Nieman is one of the bill’s co-sponsors — a role he shares with Park County legislators including Rep. John Winter (R-Thermopolis), Sen. Tim French (R-Powell) and Sen. Dan Laursen (R-Powell).
Rodriguez-Williams only spoke briefly during the concurrence discussion, but she voted in favor of approving the Senate’s amendments and sending the bill to the governor’s desk for consideration. In total, 49 representatives voted for concurrence, 10 voted against it and three were absent.
Despite constitutional concerns, the bill easily cleared both the House and Senate. The House approved the bill on a 46-16 vote on Feb. 8. The Senate approved it March 1 with 25 voting for the bill, five voting against it and one legislator absent. All Park County legislators were in support.
As of this writing ---Wednesday March 8 AM - Go vernor Gordon has still not signed HB-152 Life is a Human Right bill into law. The bill passed both houses easily and is sitting on his desk. It's not on today's list of bills to be signed by Guv Gordo.
I sincerely hope he does NOT sign that abominable bill. He would be certifying wholly un- constitutional legislation in doing so. Wisdom says he should veto it. Republican habituation suggests Gordon will leave it unsigned to become law without his name on it. He probably used a 10-foot insulated bamboo pole to shove it over into the corner of his office, out of sight out of mind. HB-152 is pathologic politicks.
My report card for local Legislators : Sandy Newsome and David Northrup get a passing grade. Rachel Rodriguez and Dan Laursen get D- and F bad grades . Tim French gets an Incomplete/ Failed the course because he was the most ineffective legislator in Cheyenne this year. French has been Park County's Senator for three years now and has yet to introduce any legislation with his name on it. It's like he's not even there . ( but that could perversely be a silver lining... given French's record and demeanor, any legislation he gins up would likely be totally awful stuff )

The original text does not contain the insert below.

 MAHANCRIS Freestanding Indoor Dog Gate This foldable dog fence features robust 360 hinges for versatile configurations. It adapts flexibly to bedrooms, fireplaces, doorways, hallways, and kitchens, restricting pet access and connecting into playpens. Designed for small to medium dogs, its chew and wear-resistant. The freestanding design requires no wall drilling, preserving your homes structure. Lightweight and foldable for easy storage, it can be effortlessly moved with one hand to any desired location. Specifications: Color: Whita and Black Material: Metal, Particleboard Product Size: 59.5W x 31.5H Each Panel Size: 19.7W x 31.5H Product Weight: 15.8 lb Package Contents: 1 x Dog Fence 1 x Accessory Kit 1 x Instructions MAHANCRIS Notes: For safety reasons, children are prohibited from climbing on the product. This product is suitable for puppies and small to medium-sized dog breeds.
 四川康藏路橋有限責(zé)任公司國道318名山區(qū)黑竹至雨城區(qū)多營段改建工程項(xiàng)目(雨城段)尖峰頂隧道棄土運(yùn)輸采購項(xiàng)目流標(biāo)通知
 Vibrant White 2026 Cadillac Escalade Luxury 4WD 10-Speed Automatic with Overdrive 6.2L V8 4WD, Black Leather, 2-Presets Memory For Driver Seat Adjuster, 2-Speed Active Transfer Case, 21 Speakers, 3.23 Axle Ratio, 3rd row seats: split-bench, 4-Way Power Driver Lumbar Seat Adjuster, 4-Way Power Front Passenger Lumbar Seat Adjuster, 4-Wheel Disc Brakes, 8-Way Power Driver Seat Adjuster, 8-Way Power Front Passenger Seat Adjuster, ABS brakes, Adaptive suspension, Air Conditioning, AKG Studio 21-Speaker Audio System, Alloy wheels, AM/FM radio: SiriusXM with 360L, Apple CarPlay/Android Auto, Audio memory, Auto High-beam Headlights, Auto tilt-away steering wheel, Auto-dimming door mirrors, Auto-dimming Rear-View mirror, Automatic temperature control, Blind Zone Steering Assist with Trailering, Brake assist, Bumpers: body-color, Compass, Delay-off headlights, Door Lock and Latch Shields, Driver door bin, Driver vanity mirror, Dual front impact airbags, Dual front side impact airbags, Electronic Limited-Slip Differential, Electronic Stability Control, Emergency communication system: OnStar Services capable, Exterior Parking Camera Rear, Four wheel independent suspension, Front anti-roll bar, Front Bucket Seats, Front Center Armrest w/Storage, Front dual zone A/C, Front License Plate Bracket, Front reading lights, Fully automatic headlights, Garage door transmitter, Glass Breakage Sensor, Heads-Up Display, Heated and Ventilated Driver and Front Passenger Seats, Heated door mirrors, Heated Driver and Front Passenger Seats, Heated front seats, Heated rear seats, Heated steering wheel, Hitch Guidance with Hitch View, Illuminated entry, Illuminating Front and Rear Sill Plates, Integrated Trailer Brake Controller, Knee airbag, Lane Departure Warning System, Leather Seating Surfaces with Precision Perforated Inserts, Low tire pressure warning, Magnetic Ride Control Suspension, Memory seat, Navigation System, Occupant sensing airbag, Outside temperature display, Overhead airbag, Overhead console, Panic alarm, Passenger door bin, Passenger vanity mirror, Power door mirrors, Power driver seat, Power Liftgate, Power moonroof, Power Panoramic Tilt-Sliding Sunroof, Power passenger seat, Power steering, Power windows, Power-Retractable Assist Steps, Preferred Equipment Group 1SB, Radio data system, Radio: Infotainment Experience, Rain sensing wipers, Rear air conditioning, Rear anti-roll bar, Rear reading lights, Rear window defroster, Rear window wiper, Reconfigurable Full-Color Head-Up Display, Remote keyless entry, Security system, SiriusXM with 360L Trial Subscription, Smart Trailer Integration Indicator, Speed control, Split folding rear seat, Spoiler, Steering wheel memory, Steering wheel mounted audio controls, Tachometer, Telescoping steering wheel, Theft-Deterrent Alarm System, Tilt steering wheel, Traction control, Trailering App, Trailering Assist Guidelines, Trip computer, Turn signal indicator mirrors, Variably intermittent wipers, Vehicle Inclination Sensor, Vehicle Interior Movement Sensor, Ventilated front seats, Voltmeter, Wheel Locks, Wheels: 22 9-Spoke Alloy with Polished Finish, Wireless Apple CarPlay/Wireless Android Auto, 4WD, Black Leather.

Rachel's addiction to All Things Anti-Abortion keeps her from accomplishing much of anything else. She's a three legged nag 1-trick pony lawmaker who not only does her real constituents a huge disservice . She honestly believes because she won the popular vote hereabouts that all those people must somehow agree with her hardcore social conservative dogma and were not just voting straight ticket down the red side of the ballot. They ... do ...not. The same could be said of Laursen and French owing to their cultish allegiance to the Wyoming Freedom Caucus ' tyrannical legislative sausagemaking . Neither of those two have exhibited any original thinking since we sent them to Cheyenne. Other people do their thinking for them . Very sinister people...
But hey! it's a Citizen Legislature. You get who you vote for. So frankly , it's on you. I sure as sunrise did not vote for them...
You may have heard that today the Wyoming legislature passed two extreme bills banning abortion. One of those bills, a near-total ban, is likely to go into effect tomorrow (or in the next few days). You should know that right now, you can legally get abortion pills (200 mg of mifepristone + 8 pills of 200 mcg misoprostol) *in advance*, to have in case you need them in the future. The pills expire in about two years and will have an expiration date listed on the packaging.